__Description of the task__
All that belongs in the answer is the lines from the one containing "バー状の光学ガラスの廃材を研" to the end of the listing below, copied exactly, pictures excluded.

__Collected material__
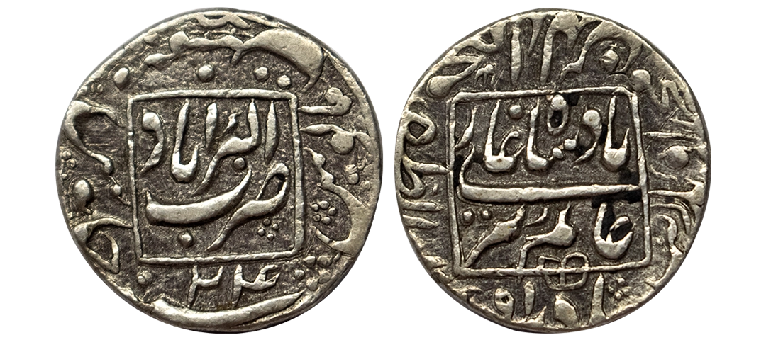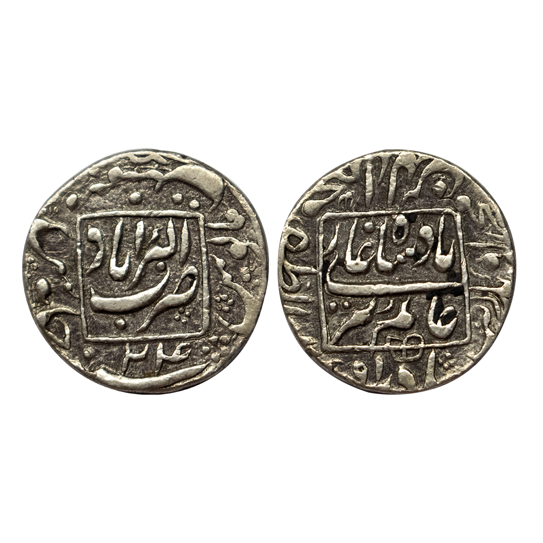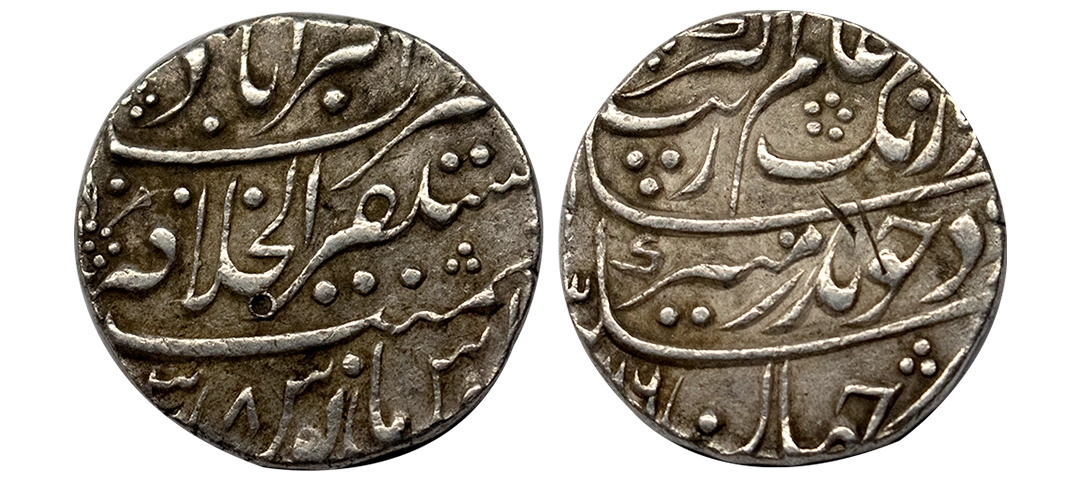 Aurangzeb, Rupee, Ajmer Dar ul Khair Mint, Silver, Badr Munir type. Mint name in the top line on rev, AH 1112, RY 44. Broader flan, No Test Marks, About Extremely Fine.
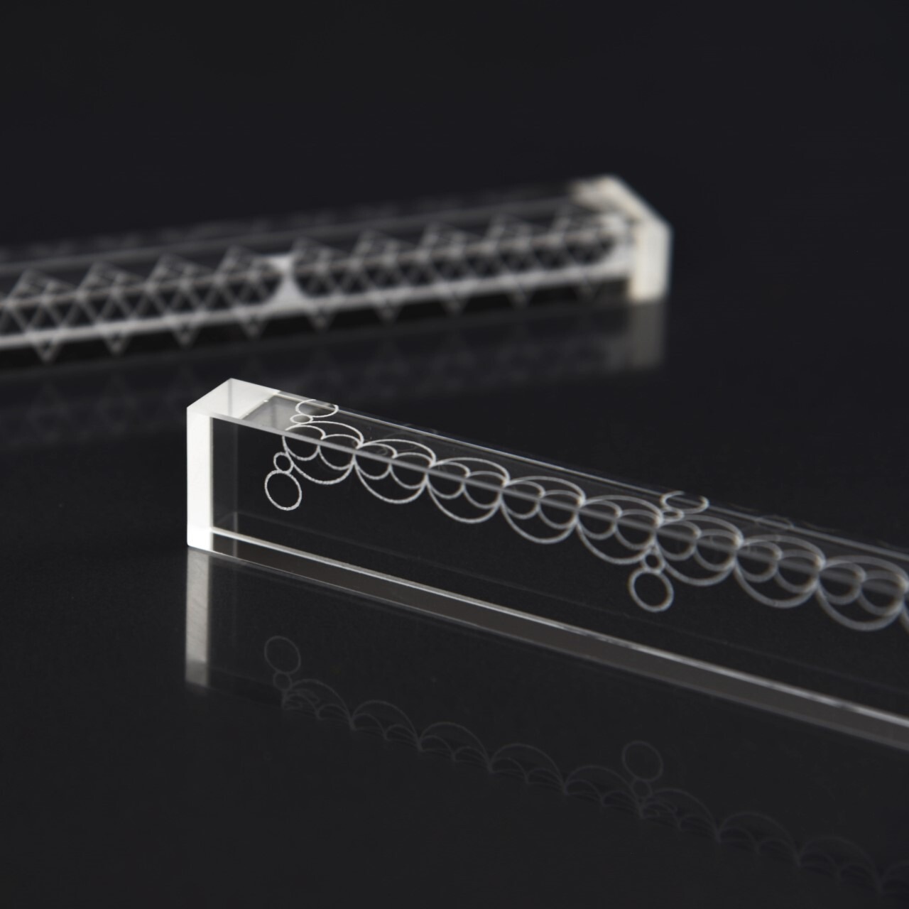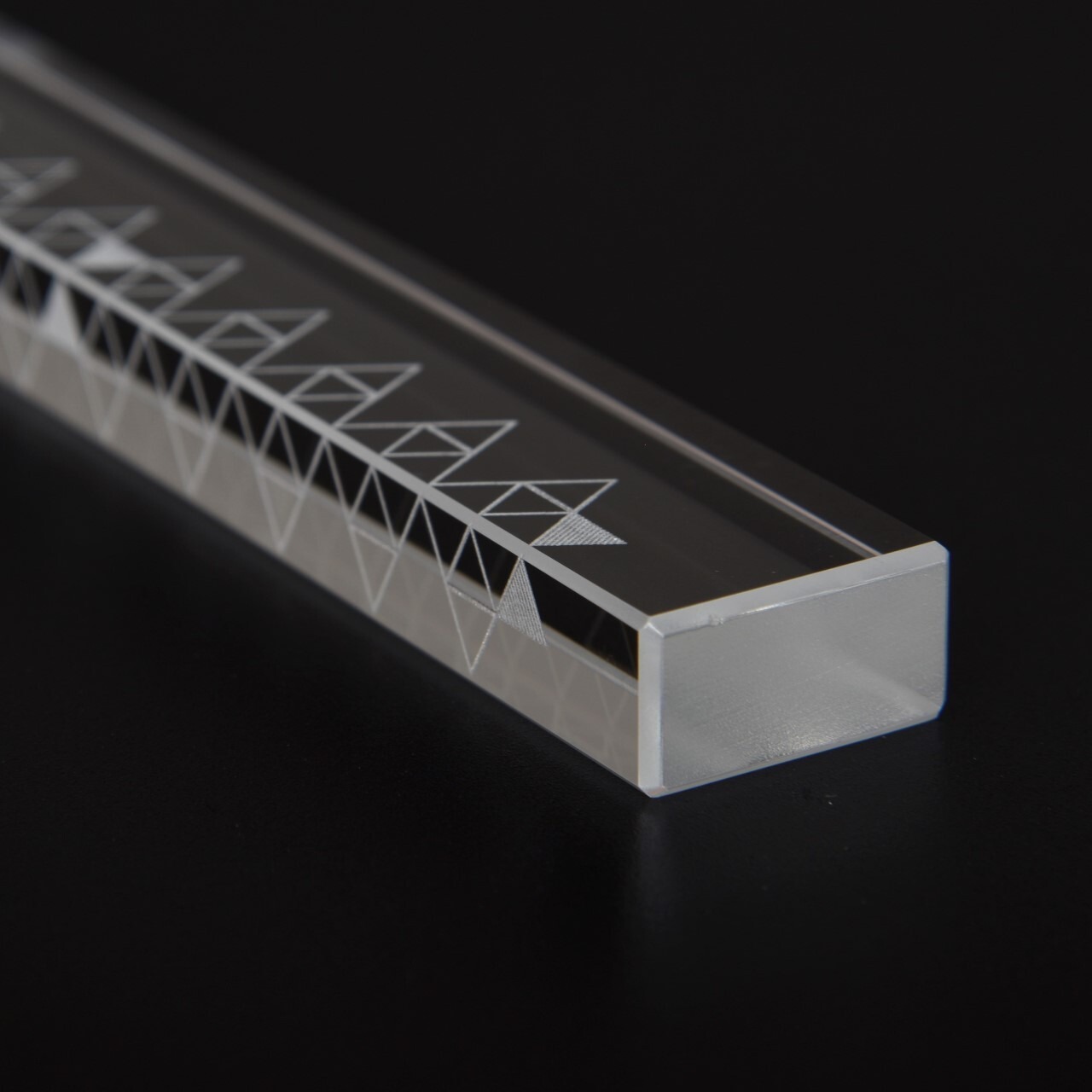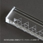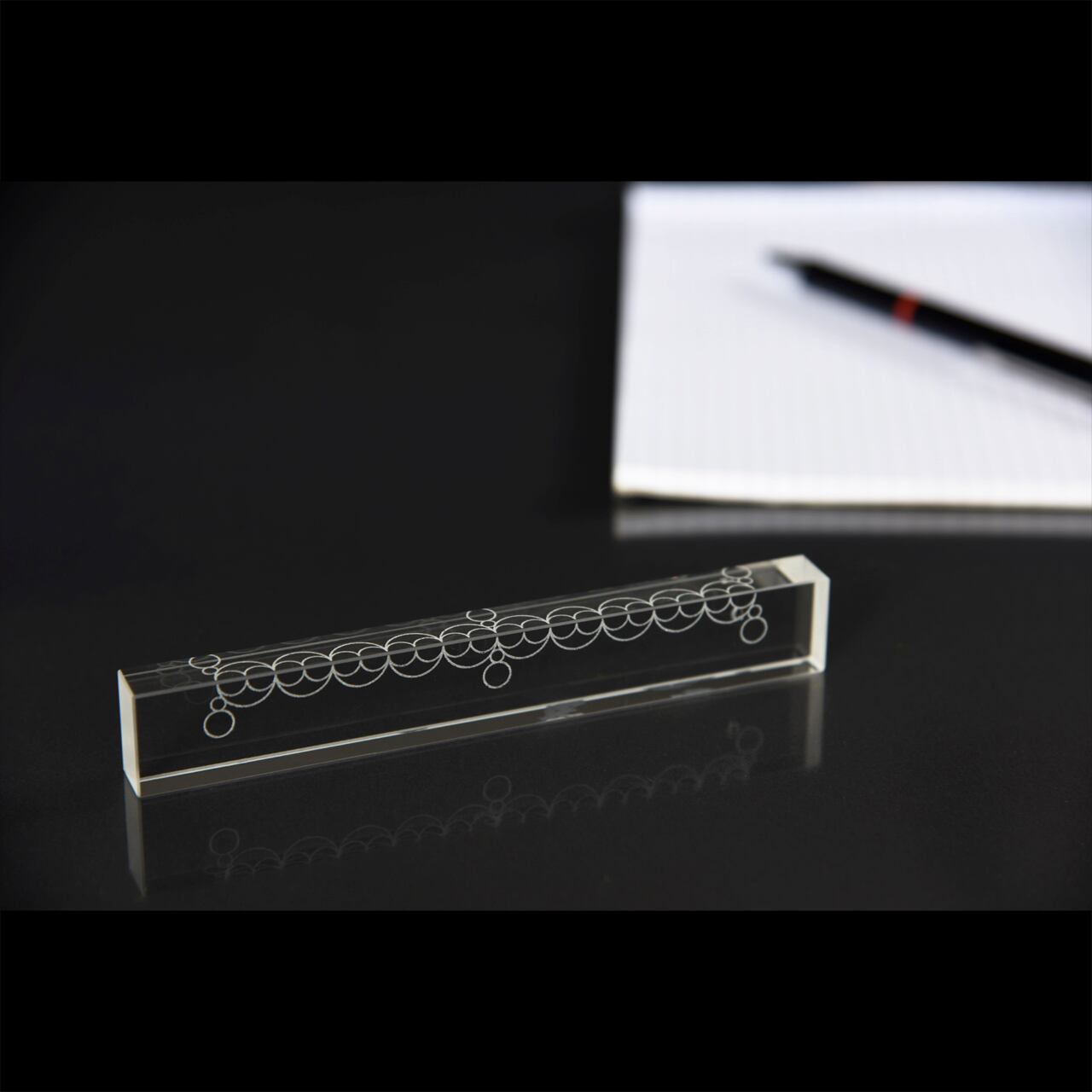 バー状の光学ガラスの廃材を研磨し、2面にレーザーで幾何学模様を刻印しました。模様は5mm、10mm、50mmの目盛になっています。ペーパーウェイトとしてもお使い頂けます。2種類の模様(A:三角形/B:円形)からお選びください。
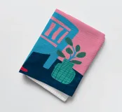 Un'affascinante ed eccentrica natura morta con una pianta in vaso appoggiata su una sedia blu brillante. La composizione è semplice ma piena di carattere, con colori vivaci e uno stile giocoso.

__Answer for the task__
 バー状の光学ガラスの廃材を研磨し、2面にレーザーで幾何学模様を刻印しました。模様は5mm、10mm、50mmの目盛になっています。ペーパーウェイトとしてもお使い頂けます。2種類の模様(A:三角形/B:円形)からお選びください。
 Un'affascinante ed eccentrica natura morta con una pianta in vaso appoggiata su una sedia blu brillante. La composizione è semplice ma piena di carattere, con colori vivaci e uno stile giocoso.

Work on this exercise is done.